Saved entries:

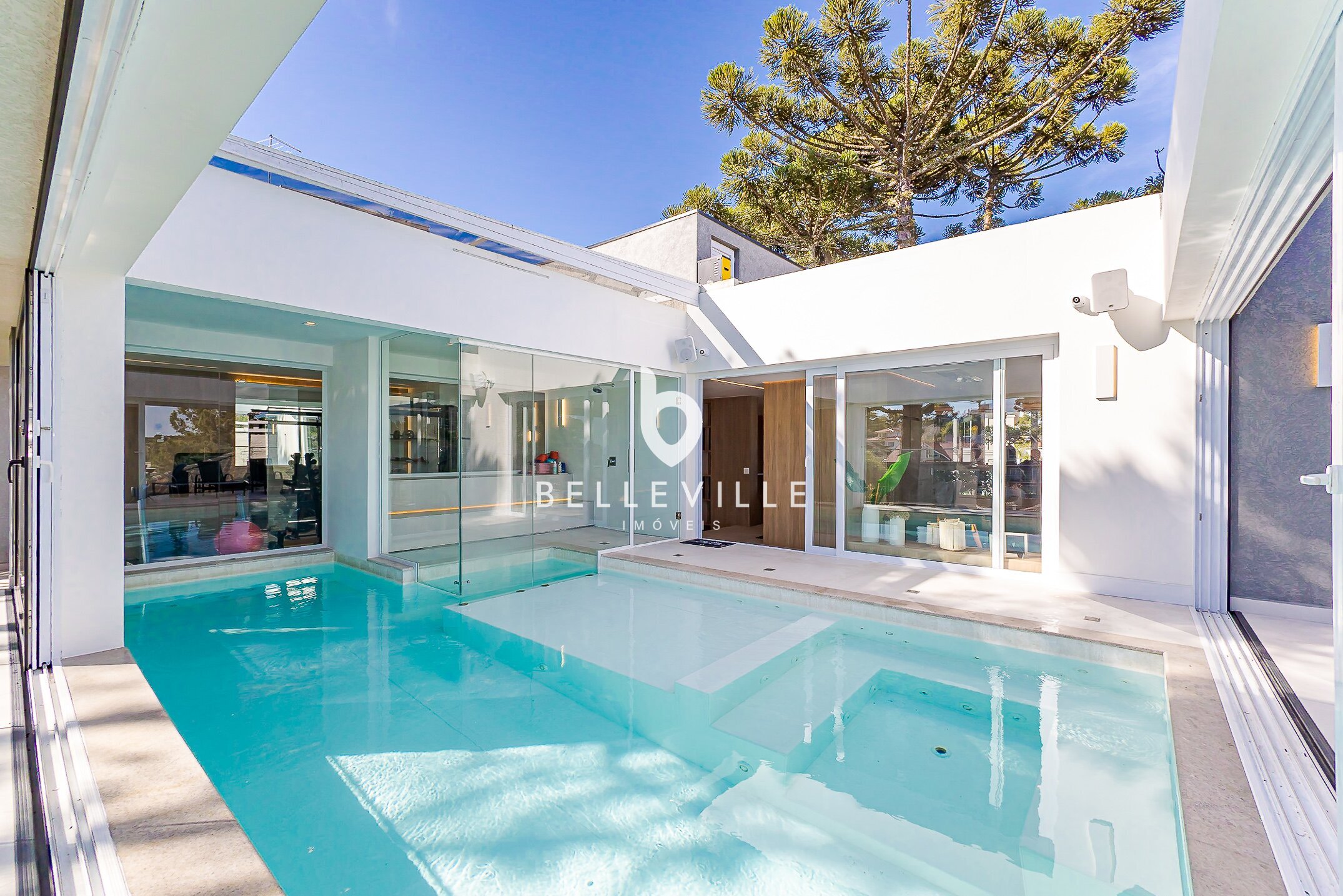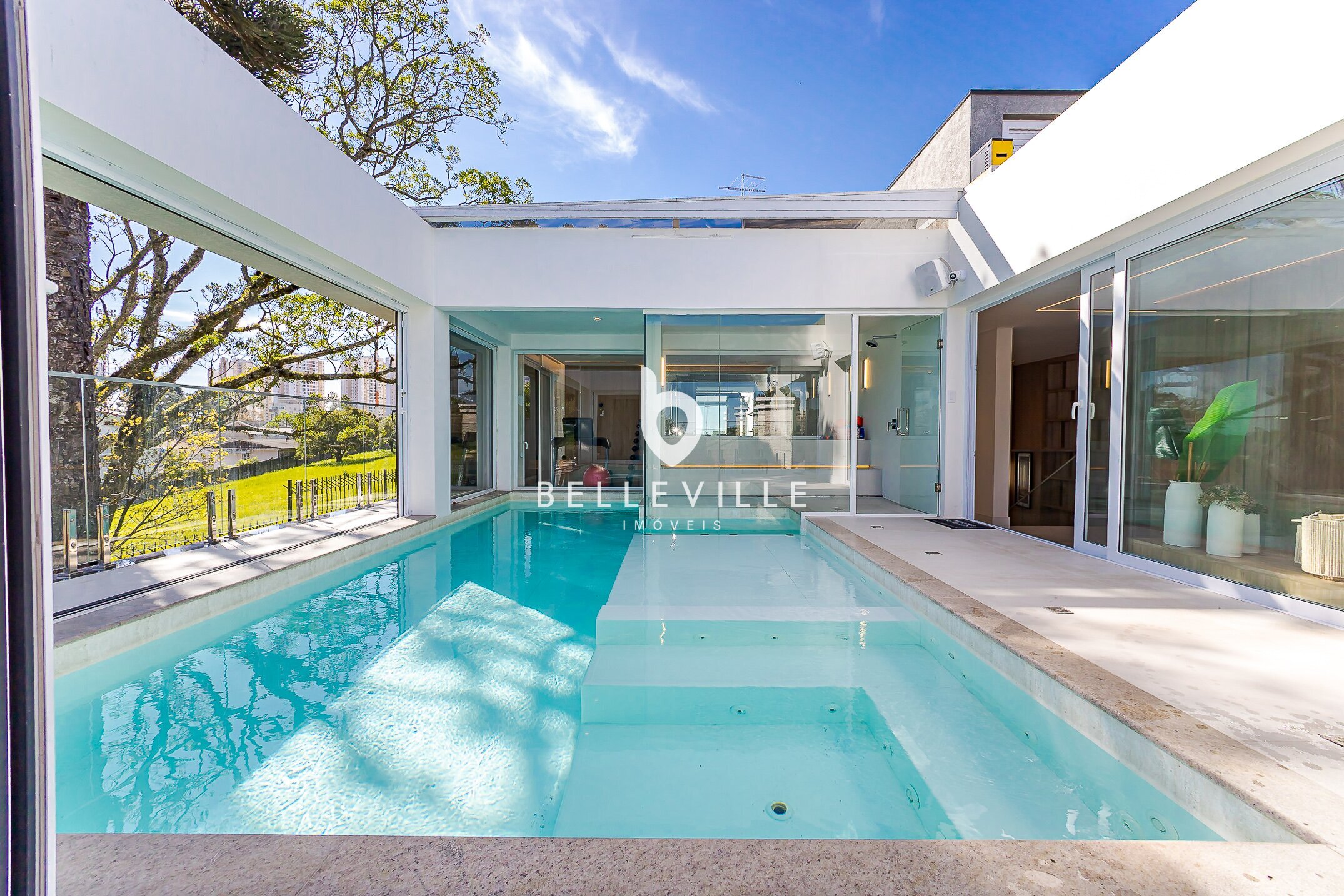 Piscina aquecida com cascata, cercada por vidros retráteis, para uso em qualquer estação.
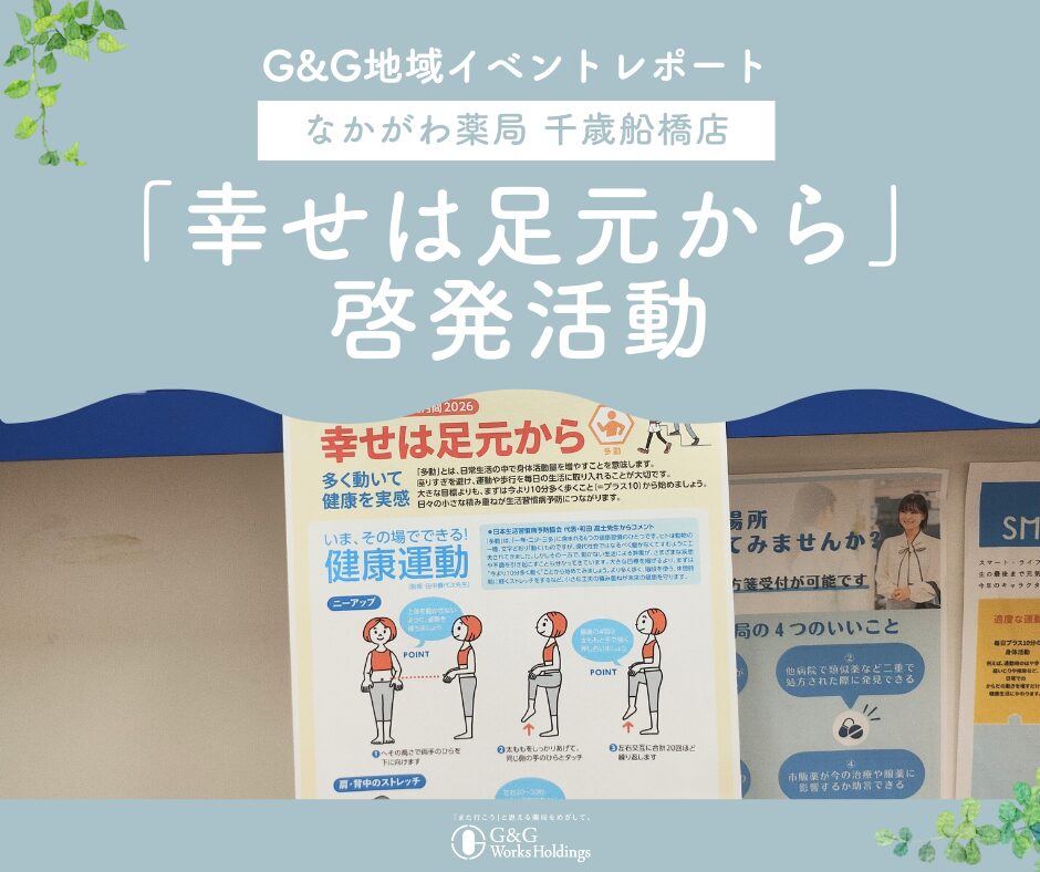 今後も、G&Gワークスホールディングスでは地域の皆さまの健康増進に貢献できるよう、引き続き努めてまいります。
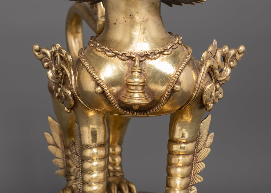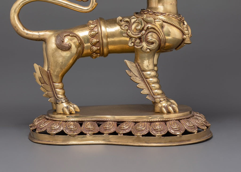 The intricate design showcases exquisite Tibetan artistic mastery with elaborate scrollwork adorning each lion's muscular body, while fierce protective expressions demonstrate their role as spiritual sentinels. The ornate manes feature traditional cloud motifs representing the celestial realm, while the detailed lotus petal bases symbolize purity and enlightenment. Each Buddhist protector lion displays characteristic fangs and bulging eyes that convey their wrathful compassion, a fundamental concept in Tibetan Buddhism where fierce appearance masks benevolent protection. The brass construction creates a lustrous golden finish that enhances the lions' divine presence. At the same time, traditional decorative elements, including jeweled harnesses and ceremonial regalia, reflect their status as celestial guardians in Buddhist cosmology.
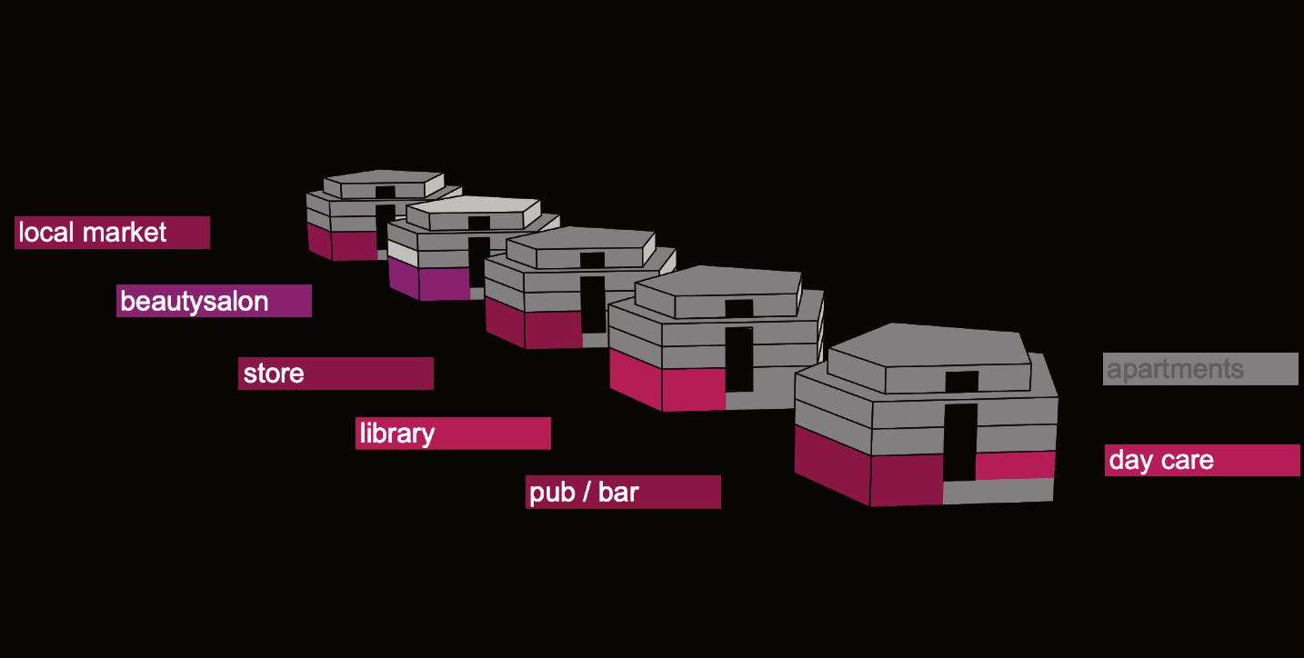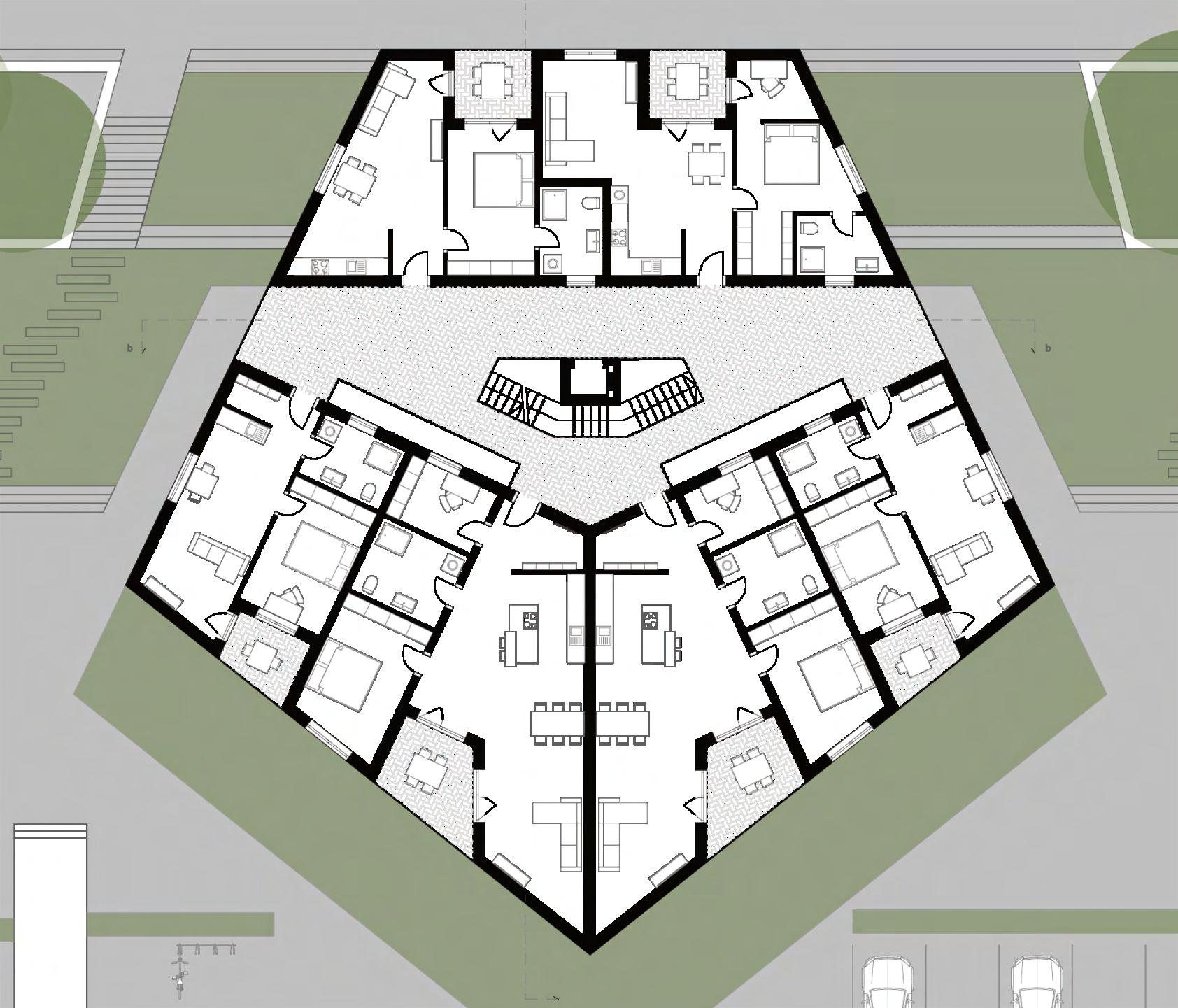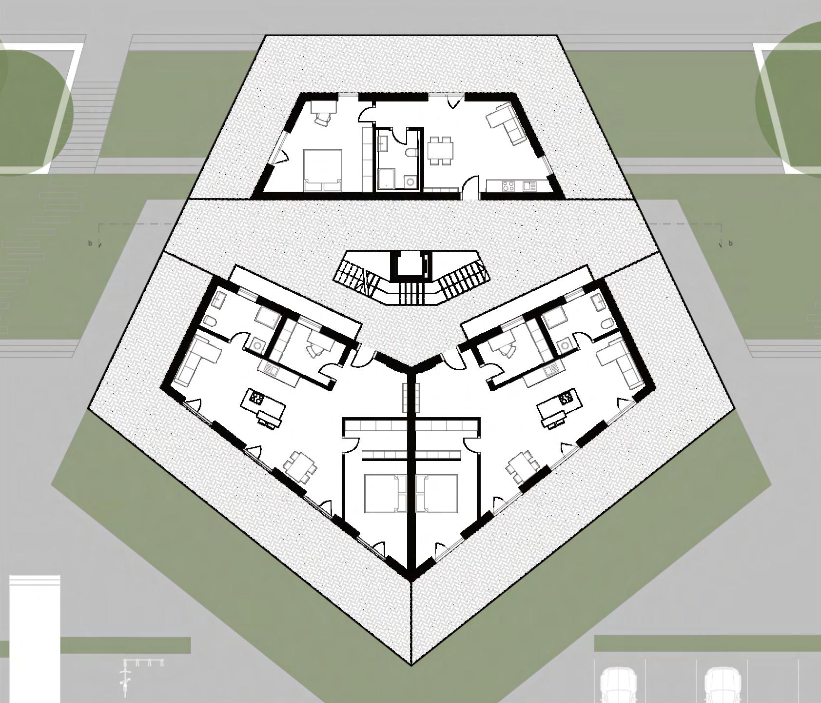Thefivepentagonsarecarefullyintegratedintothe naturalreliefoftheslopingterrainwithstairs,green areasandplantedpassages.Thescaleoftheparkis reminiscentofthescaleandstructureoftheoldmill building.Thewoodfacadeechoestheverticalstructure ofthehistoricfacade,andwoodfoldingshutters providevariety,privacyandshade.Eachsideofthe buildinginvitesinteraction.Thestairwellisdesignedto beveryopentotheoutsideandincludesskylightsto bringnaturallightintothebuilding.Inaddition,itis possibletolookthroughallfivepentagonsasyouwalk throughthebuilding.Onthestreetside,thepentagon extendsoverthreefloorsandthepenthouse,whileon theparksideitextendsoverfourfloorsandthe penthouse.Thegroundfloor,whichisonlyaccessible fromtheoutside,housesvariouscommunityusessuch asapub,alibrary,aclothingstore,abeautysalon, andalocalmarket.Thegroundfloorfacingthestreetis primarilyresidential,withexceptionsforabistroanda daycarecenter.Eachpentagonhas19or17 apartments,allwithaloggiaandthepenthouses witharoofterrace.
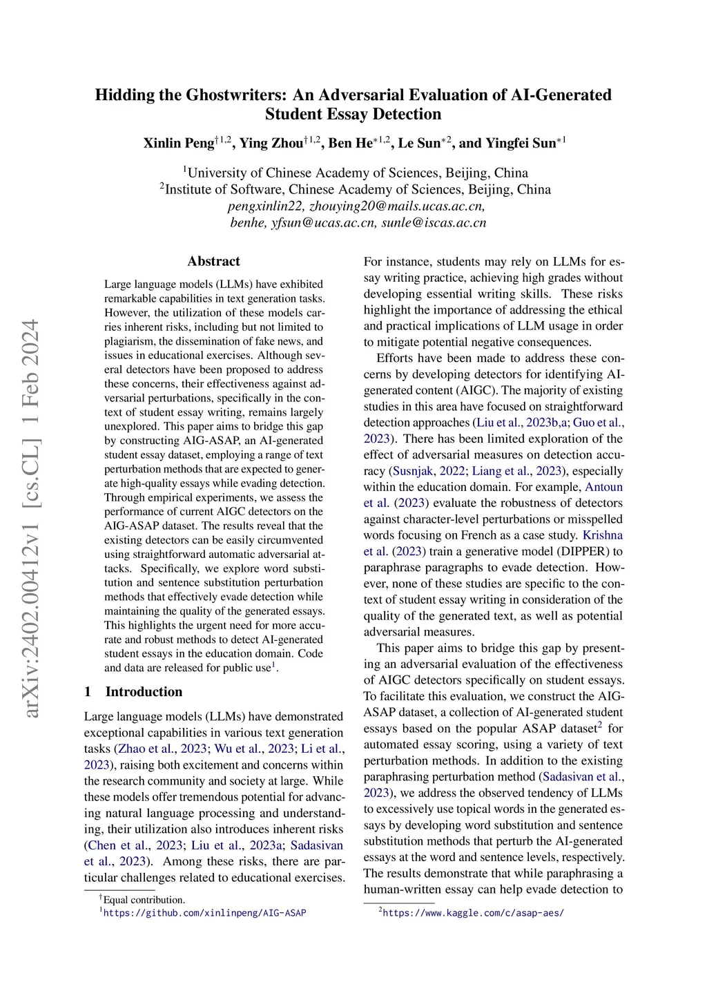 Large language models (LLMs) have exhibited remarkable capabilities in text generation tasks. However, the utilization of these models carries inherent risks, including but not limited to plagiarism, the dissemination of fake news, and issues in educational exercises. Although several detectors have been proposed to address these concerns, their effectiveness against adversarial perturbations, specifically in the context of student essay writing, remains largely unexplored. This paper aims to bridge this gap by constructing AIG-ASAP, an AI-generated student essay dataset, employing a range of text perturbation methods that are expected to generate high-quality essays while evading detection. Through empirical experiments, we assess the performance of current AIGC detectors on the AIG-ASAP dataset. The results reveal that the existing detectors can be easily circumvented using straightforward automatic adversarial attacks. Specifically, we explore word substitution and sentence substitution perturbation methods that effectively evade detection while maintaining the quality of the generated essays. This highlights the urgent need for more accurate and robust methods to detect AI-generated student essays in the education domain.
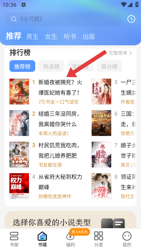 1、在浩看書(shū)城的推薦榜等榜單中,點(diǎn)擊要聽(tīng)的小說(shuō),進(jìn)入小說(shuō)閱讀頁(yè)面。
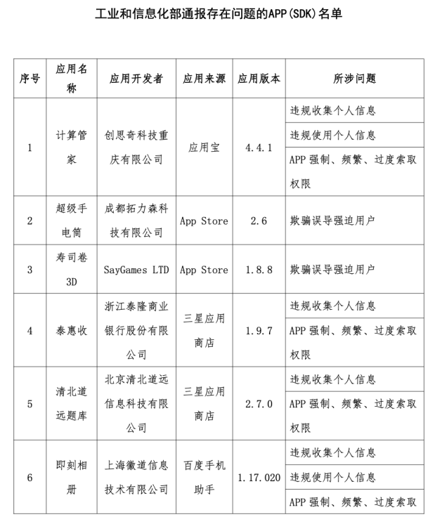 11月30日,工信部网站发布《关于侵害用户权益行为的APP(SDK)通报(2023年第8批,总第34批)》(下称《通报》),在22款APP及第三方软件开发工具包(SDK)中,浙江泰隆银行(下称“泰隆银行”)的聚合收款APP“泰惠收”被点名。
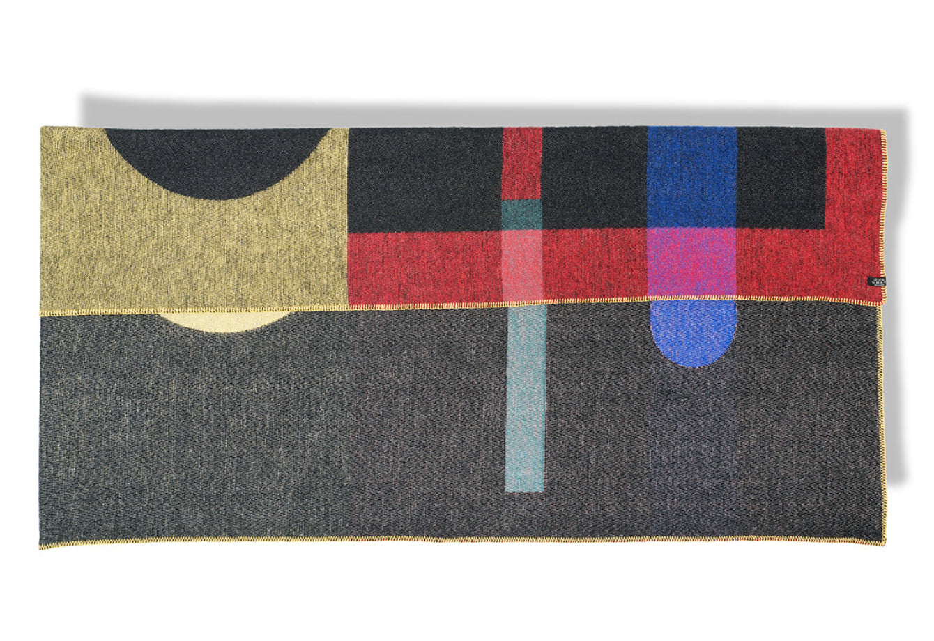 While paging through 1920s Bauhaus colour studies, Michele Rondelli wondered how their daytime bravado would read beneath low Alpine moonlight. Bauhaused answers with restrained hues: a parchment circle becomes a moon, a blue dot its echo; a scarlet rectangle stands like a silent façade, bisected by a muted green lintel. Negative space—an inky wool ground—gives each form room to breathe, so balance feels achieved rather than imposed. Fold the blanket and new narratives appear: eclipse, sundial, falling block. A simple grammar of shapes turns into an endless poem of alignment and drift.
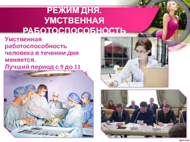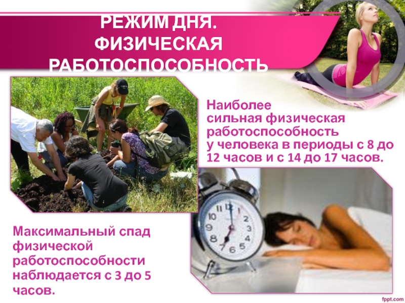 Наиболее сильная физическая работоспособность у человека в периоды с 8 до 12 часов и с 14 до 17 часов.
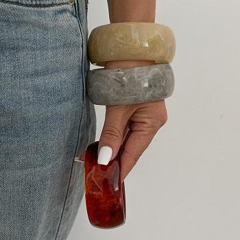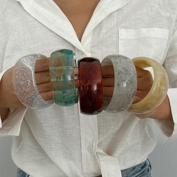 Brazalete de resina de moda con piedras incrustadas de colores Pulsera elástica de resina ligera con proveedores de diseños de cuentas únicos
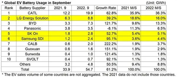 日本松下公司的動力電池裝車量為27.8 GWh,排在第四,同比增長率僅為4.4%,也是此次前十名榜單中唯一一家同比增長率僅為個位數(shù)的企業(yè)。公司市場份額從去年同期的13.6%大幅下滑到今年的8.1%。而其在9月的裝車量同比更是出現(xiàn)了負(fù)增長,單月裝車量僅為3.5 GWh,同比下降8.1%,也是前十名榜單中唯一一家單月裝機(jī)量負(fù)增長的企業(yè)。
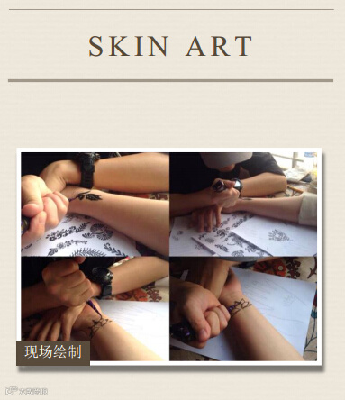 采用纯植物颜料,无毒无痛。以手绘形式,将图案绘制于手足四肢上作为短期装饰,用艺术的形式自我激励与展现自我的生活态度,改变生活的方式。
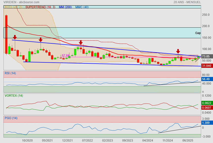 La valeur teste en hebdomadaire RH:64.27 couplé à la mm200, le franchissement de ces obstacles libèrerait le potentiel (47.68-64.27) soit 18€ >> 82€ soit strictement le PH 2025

**WORK ITEM**
Print the lines from the beginning of the records up to and including the line containing "The intricate design", word for word, with no pictures.

**RESPONSE TO THIS EXERCISE**
 Piscina aquecida com cascata, cercada por vidros retráteis, para uso em qualquer estação.
 今後も、G&Gワークスホールディングスでは地域の皆さまの健康増進に貢献できるよう、引き続き努めてまいります。
 The intricate design showcases exquisite Tibetan artistic mastery with elaborate scrollwork adorning each lion's muscular body, while fierce protective expressions demonstrate their role as spiritual sentinels. The ornate manes feature traditional cloud motifs representing the celestial realm, while the detailed lotus petal bases symbolize purity and enlightenment. Each Buddhist protector lion displays characteristic fangs and bulging eyes that convey their wrathful compassion, a fundamental concept in Tibetan Buddhism where fierce appearance masks benevolent protection. The brass construction creates a lustrous golden finish that enhances the lions' divine presence. At the same time, traditional decorative elements, including jeweled harnesses and ceremonial regalia, reflect their status as celestial guardians in Buddhist cosmology.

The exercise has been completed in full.